The reason why specific properties for bounding boxes and centroids have been defined in the DCAT namespace was that there was no standard way of doing this - i.e., commonly used vocabularies, as the W3C Basic Geo and GeoSPARQL, don't have such properties (something that is instead being addressed in the new version of GeoSPARQL under development), with the exception of Schema.org (schema:box).

About your note at point 1.b:

By defining dcat:bbox [...], we are basically saying (or at the very least implying): there is only 1 semantically meaningful relationship between dcat:Resource and any bounding box representation, and we are not very clear about what we mean by it.

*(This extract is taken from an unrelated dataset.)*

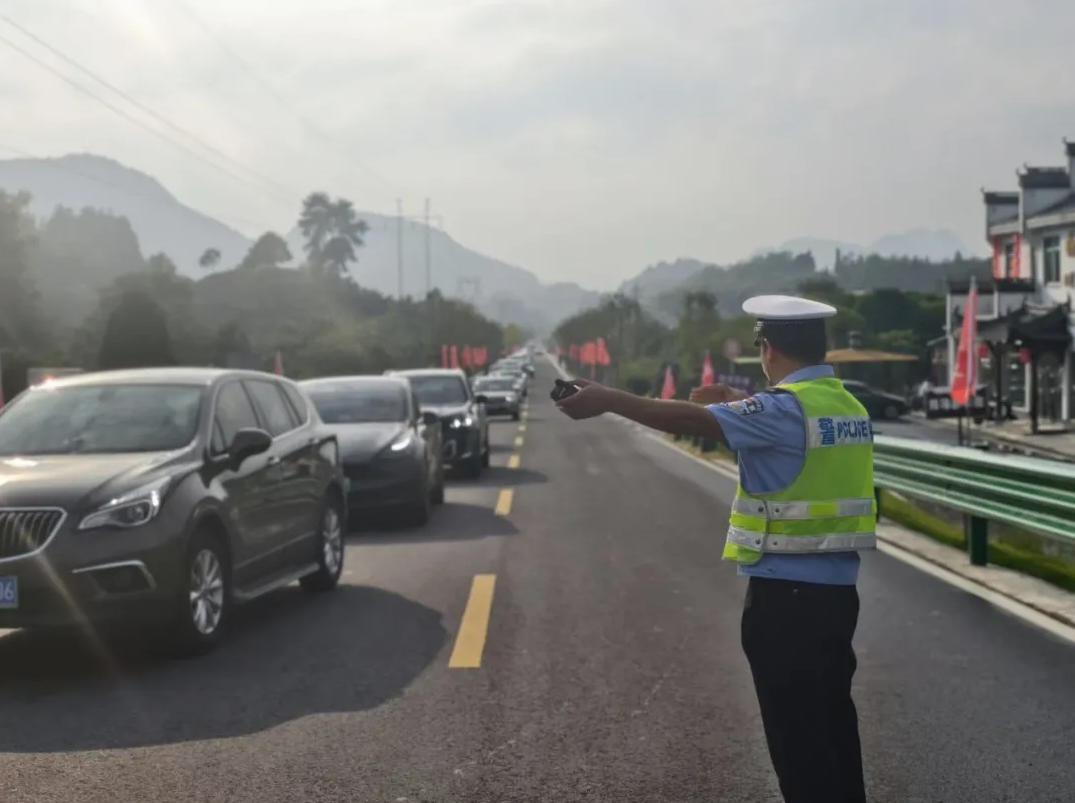 国庆中秋假期返程高峰期,黄山公安机关全警动员,坚守岗位,在全市各交通要道、重点区域积极开展交通疏导、巡逻防控和服务群众等工作,全力保障旅客平安有序返程。
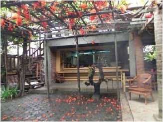 dan meja kayu. Di lantai atasnya terd apat area untuk latihan dan men yimpan angklung.

Any suggestion on how to improve the description of dcat:bbox is more than welcome. However, as I said in https://github.com/w3c/dxwg/issues/1392#issuecomment-905022220 , dcat:bbox is just meant to specify the bounding box of a spatial thing, but it does not exclude other types of relationships between this thing and a bounding box. I gave the example of spatial coverage, but the same approach applies to any other type of relationship - e.g., a relationship as the one you give as an example (:occupiesPhysicalSpace) can be specified as follows:

a:Resource a dcat:Resource ;
  :occupiesPhysicalSpace [ a dcterms:Location ;
    dcat:bbox "POLYGON((...))"^^geosparql:wktLiteral
] .

I am not sure I answered to all your points, so please let me know whatever I missed. Also, it would be very useful if you could complement the issues you are highlighting with specific use cases and examples, so to better understand the possible weaknesses of the current DCAT approach in addressing your requirements.

JoepvanGenuchten commented 3 years ago

@andrea-perego thank you for the links to the other discussions.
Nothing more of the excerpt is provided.